My former PKI work mates. I really do appreciate the things you shared with me. All of you are good friends indeed, no doubts about that. You have been very good to me. You even helped me find a job, even offered one, when I am finding one. But I declined. I had already found my fulfillment in programming already. My frustrations about computers that started when I was in high school has been answered. Behind all of it, I am thanking you all because you are still there despite my attitude. I hope we see each other again soon. I hope our grand reunion in the Cathedral of Taal is still in effect. I will be there...but the wheels part, I am still working on it.

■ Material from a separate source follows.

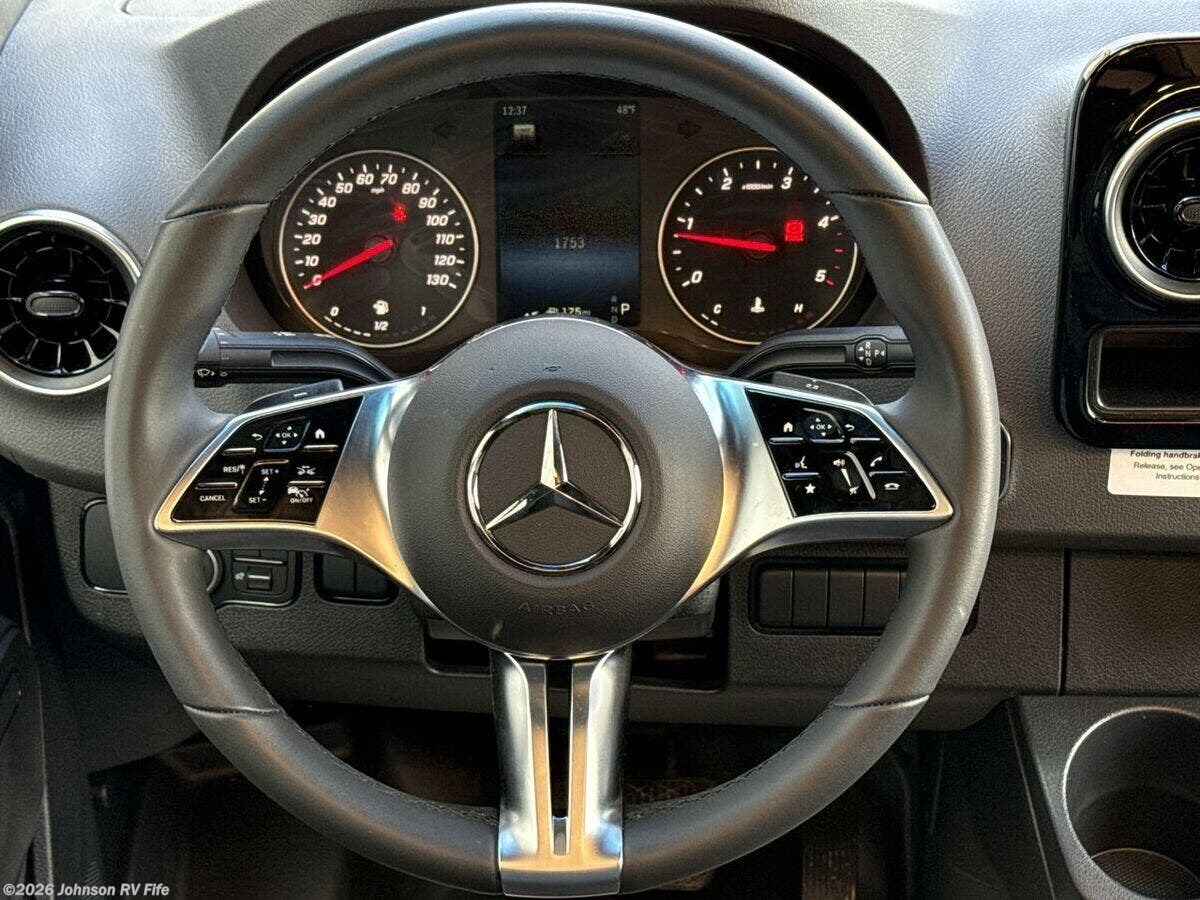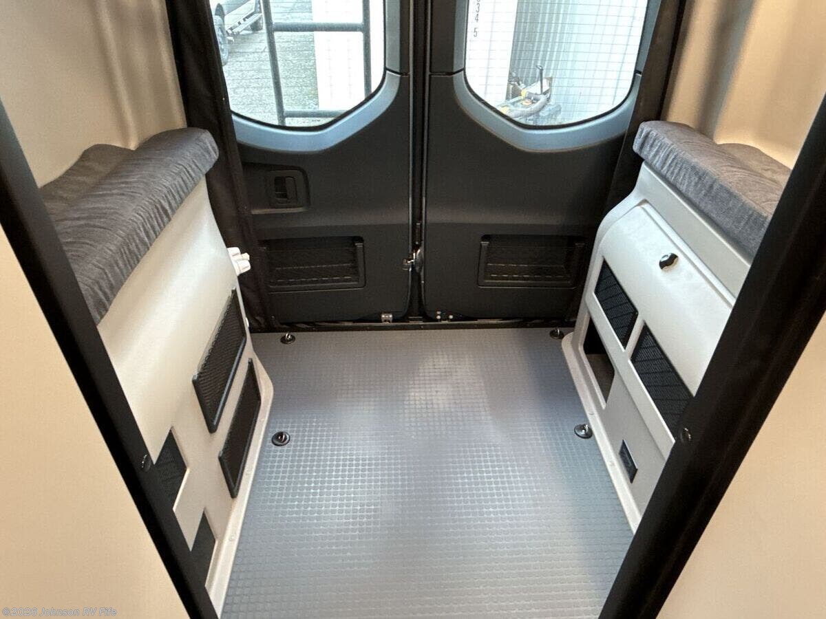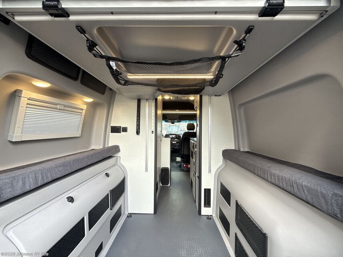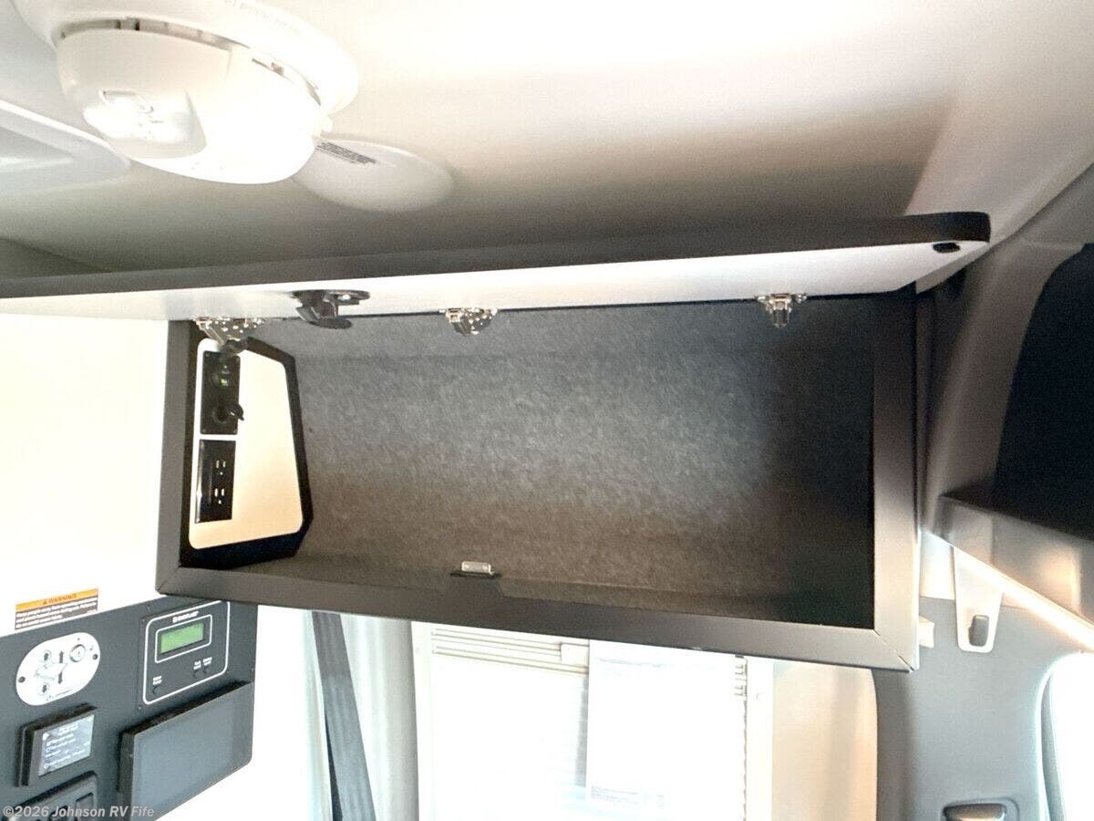 Features Include: 220-Amp Alternator, 4-Wheel ABS Brakes, Spare Tire, Rear Mud Guards, Blind Spot Assist, Traffic Sign Assist, Power Windows, Sunvisors, 12v Powerpoints, Navigation, WiFi Hotspot, Rear Camera, Pet Leash Attachment, Porch Light, 75-inch High Ceiling, Cassette Shades, Lounge Seat, Removable Table, Pantry, Stainless Steel Sink, Spice Rack, L-Track Tie Downs, Bi-fold Door, 31x26-inch Wet Bath, Mirror, Shower Wall Surround, Dual Control Faucet, Flexible Showerhead, 5kWh EcoFlow Battery, 210w Solar, Multi-zone Heating, 10-foot Sewer Hose, Luggage Rack

Again, I am sorry and I thank you.
Ms Jone, sorry if I wasn't able to meet you last November. It has been a long time since we got our little talk in a Starbucks shop way back when I am in Sony Life. I really missed that so much. But due to work I wasn't able to do that. I hope you would understand. I hope you will stay as my friend as the year 2013 replaces the 2012. Miss you much!
To my family. Mama, Papa, and to my siblings. This is the first Christmas and New Year that I won't be with you. I already explained that I got work during those days. But behind those things, I am really sorry for my shortcomings. Sorry for being not a good son to you Mama and Papa, and a brother to my siblings. I know that this is unforgivable. I know this is not the right time to think about my self because I should have been thinking about your welfare. But I found myself looking for something. It is hard to explain. You were right Mama, that I am not getting any younger anymore. And I should think for my future. I am also thinking about that. Taking all things into consideration. I hope you would understand Ma, I hope you can give this shot to me - To think for my self, doing everything in my own way and in my terms, with God's guidance. But do not worry Ma, Pa. This is not only for me, but for all of you as well. I love you Ma, Pa. I really do. Even I am not that verbal about it and affectionate. I really do love you. I am always thinking all of you. On the other hand, I am thanking you all because you are the proof that family will always be there no matter what. I am always praying for our welfare. Thank you po.
I am hoping...
I am not going to promise something for the coming New Year that I couldn't fulfill. But will assure that this coming New Year will be fruitful and exciting and full of colors. Also it would include making up with the things I haven't done this 2012. 360 days will still be short, though. But who cares, everything has time, and right timing will make everything comes to their places. 2012 had not been the end of time for humankind (thank God!) so it means we are in our 2nd life already.
I am still praying and hoping for world peace, and love in mankind. I am not losing my hold on it. There is still hope. If there is will be hope, everyone will care. And if everyone cares, love will reign. If love reigns, peace will reside in our hearts. Peace brings all happiness and contentment to every man in this world. Then every person will be smiling away the bad vibes. Isn't cool?
2012 is been a record-breaking year for me. Hoping 2013 will exceed to that.
Happy and Prosperous New Year everyone!!!